_Required action_. Reproduce word for word, from the entries below, the line with "La discrimination par", the line with "В витрине манекен", and every line between them, and nothing more.

_Source material_.

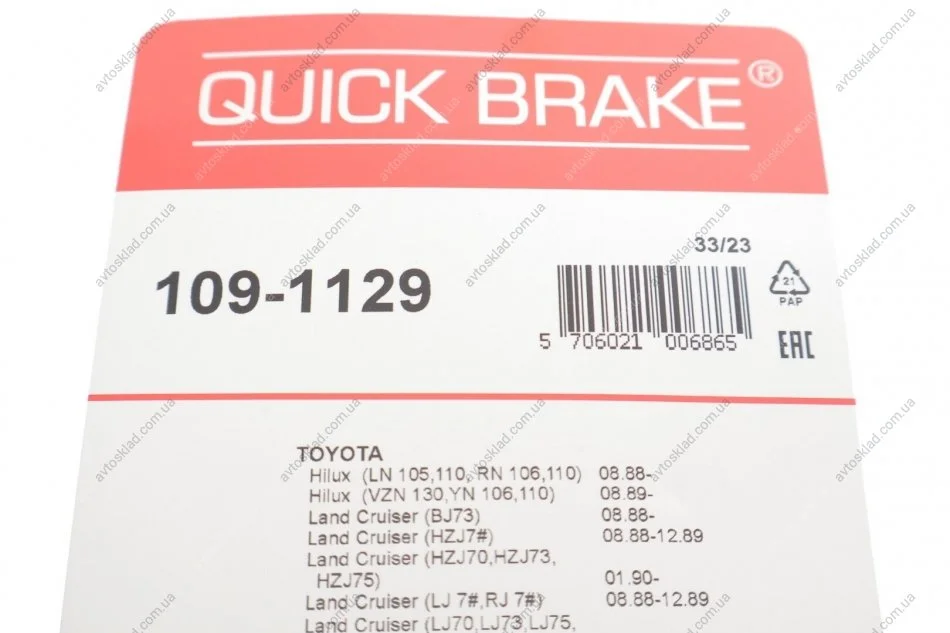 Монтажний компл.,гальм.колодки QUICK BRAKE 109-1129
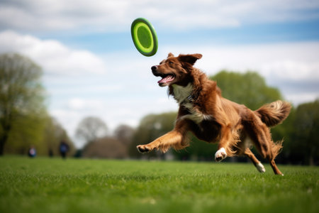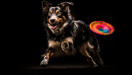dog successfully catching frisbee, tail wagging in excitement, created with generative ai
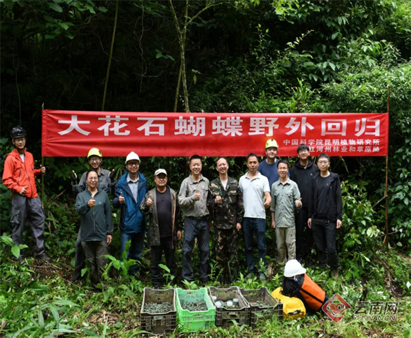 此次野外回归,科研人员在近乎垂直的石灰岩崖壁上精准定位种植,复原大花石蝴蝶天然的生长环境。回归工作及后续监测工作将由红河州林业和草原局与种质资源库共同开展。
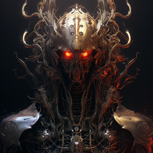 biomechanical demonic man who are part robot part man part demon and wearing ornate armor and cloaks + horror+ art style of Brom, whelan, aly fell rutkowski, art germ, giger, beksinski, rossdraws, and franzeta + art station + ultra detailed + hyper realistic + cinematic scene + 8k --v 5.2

---

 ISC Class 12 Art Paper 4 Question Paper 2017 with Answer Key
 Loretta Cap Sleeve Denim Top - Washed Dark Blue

* * *

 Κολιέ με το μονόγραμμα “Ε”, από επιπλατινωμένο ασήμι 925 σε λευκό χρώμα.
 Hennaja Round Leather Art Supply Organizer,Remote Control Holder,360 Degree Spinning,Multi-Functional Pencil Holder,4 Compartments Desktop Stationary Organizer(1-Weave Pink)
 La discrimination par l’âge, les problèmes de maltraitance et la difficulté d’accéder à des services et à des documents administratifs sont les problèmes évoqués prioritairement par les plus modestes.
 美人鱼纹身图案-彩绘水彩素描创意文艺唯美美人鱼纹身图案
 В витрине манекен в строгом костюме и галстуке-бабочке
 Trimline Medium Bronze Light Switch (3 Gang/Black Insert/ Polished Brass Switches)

_Solution to this exercise_.
 La discrimination par l’âge, les problèmes de maltraitance et la difficulté d’accéder à des services et à des documents administratifs sont les problèmes évoqués prioritairement par les plus modestes.
 美人鱼纹身图案-彩绘水彩素描创意文艺唯美美人鱼纹身图案
 В витрине манекен в строгом костюме и галстуке-бабочке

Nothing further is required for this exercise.